Sawubona bobuthi en bosisi –
This being our first post since we arrived in the Kingdom of Swaziland, I thought I would bring you all up to speed on what has been an unbelievably exciting, tiring and long two weeks. I understand some of you may have burning questions, all of these will be answered in time, trust me.
First: Staging. Philadelphia. We spent two days in Philly with the rest of our Peace Corps Trainees (PCT) for session after session of icebreakers, shots and seminars of what to expect during the course of our Peace Corps Training. As excitement was building for our eventual departure from the United States, these two days flew by. We spent our “last meal” of Whole Foods’ Salad Bar with our three beautiful friends Stephanie Vickery, Tim Manzo and Theo Wheeland in a park. It was the perfect way to momentarily close a chapter in our lives. Or at least place a bookmark there until we return.
Second: Pre-Service Training (PST). Ngwane College. Swaziland, Africa. After an incredibly long 16 hour flight into Johannesberg followed by a seven hour bus ride into the Kingdom of Swaziland replete with border stops, checks, passport clearances, Visas, etc… We finally arrived to Ngwane College to begin our PST. Tired does not begin to describe what we felt. Luckily, considering the fact that we were experiencing the intense jetlag of basically traveling forward in time, the instructors allowed us to eat and pass out.

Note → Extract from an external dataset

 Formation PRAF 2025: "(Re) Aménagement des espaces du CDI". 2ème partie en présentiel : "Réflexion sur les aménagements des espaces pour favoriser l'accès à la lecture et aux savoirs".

Our five days at Ngwane were nice. We were pared with our Language Cultural Facilitator (LCF) Calile (not as simple as it sounds in English. The C makes a sound similar to putting the tongue on the roof of your mouth and making a “tut-tut” sound) and the rest of the in-country administrators. During this time we began our language and cultural training, along with endless talks on security, medical safety, how to boil, filter and bleach water (a tedious, never-ending process) and how to treat fruits and vegetables.

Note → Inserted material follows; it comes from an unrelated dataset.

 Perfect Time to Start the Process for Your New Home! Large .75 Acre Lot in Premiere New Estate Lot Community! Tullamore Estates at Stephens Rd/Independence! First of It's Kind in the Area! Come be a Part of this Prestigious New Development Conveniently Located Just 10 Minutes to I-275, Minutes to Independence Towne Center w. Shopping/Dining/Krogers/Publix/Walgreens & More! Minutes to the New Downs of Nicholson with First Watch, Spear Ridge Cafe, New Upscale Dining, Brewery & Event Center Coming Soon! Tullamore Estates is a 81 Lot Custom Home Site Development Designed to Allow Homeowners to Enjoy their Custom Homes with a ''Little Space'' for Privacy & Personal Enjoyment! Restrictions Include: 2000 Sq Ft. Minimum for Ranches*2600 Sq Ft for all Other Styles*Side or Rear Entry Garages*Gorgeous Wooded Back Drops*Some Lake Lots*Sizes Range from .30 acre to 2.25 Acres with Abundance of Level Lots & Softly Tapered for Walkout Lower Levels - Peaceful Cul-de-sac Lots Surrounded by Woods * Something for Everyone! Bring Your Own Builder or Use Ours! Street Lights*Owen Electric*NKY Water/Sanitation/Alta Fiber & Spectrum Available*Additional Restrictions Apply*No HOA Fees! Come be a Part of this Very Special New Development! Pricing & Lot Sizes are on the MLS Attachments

What is Swaziland like?: Swaziland is a beautiful country. The rolling brown hills bear a striking resemblance to the high desert of the Western slope of Colorado or Southern Utah. Swaziland is a country full of red-dirt roads, speeding ikhombis, curious and inquisitive people. I will use my host-family as a microcosm of Swazi culture. We live with Make (mother, a title of affection) Kahmalu. She is a recent widow with children who have grown and moved to various parts of S. Africa with whom Swaziland is surrounded on almost all sides by. Swazi’s live on about 1$, but you would never know it with our Make. She is extremely bright, educated and fluent in English. She raised four children with her husband, built a gorgeous homestead (a collection of independent homes in a single living space), raises a garden where we eat from every day, chickens, cows and two dogs named Cibi and Zulu-Boy. Her adult son mDududzu lives with her as well. We are fortunate to live with someone who is so inviting, genuinely sweet and willing to help us learn SiSwati. Our accommodations are more than adequate and we feel blessed to be part of such an interesting and rich culture.

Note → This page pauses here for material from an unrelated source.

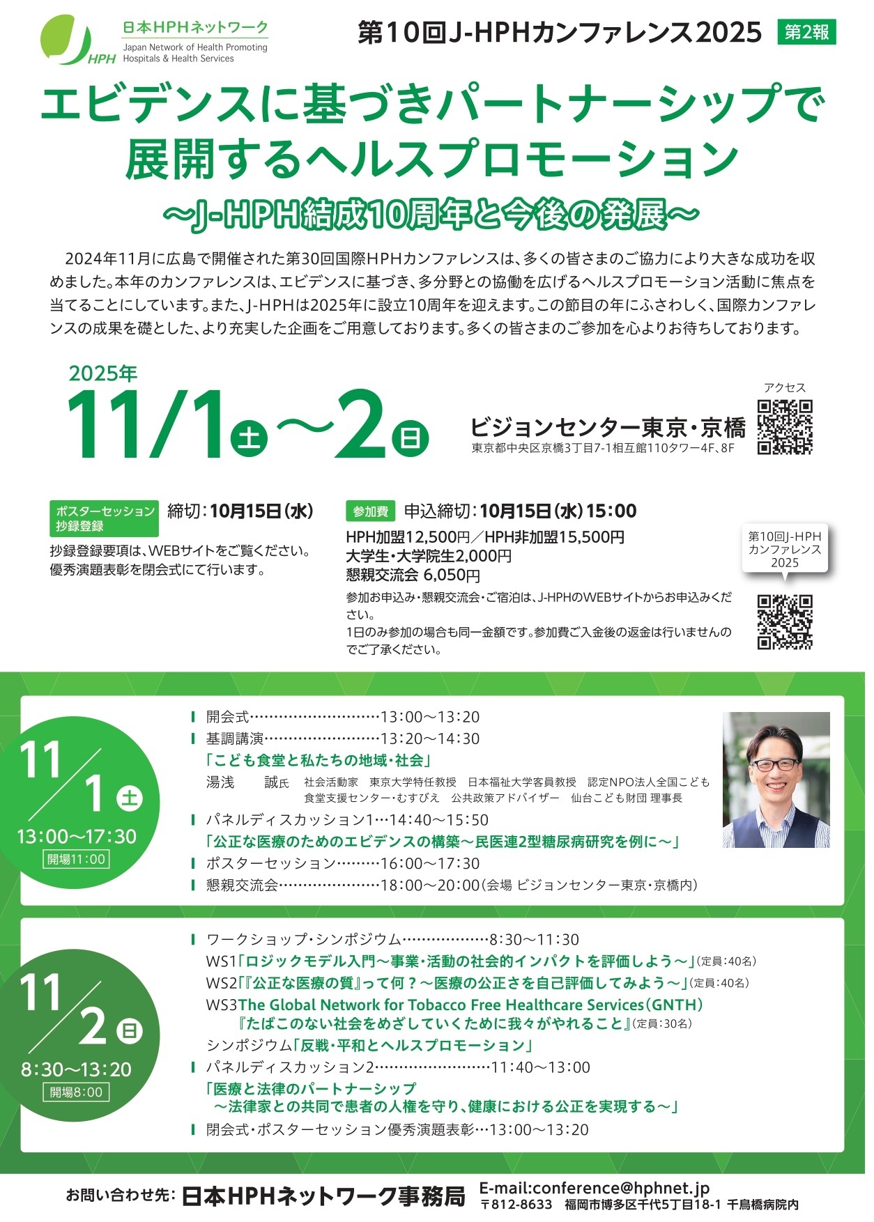 エビデンスに基づきパートナーシップで展開するヘルスプロモーション ~J-HPH結成10周年と今後の発展~ 2025年11月に広島で開催された第30回国際HPHカンファレンスは、多くの皆さまのご協力により大き … 続きを読む 第10回J-HPHカンファレンス2025【第2報】

Addy and I received SiSwati names when we arrived to the homestead. Addy is Bongiwe and my name is Bongomusa. It means “a gift”.
Swazi’s are very polite and very formal. Swaziland is extremely religious (90 % practicing Christian), teetotalering and extremely affected by the HIV/AIDS epidemic. Over 50 % of the population over the age of 23 is infected. We certainly have our work cut out for us here as we begin our real PC service in August. Until then, we are simply learners. Our classroom is our village, our homestead and the instruction we receive from our LCF. Addy and I are happy, healthy and stare at each other with renewed amazement every time we realize that we are really in Africa.
Helpful SiSwati phrases and customs:
When Swazis pass each other or meet each other it is customary to greet each other every time. This is generally how this works.
Ngikona, wena ke?
What just happened was. Hello. How are you? I am good, you? I am good as well.
To not use this greeting is considered impolite. Considering how many times a day I am greeting people I am starting to miss the anonymity of the big city.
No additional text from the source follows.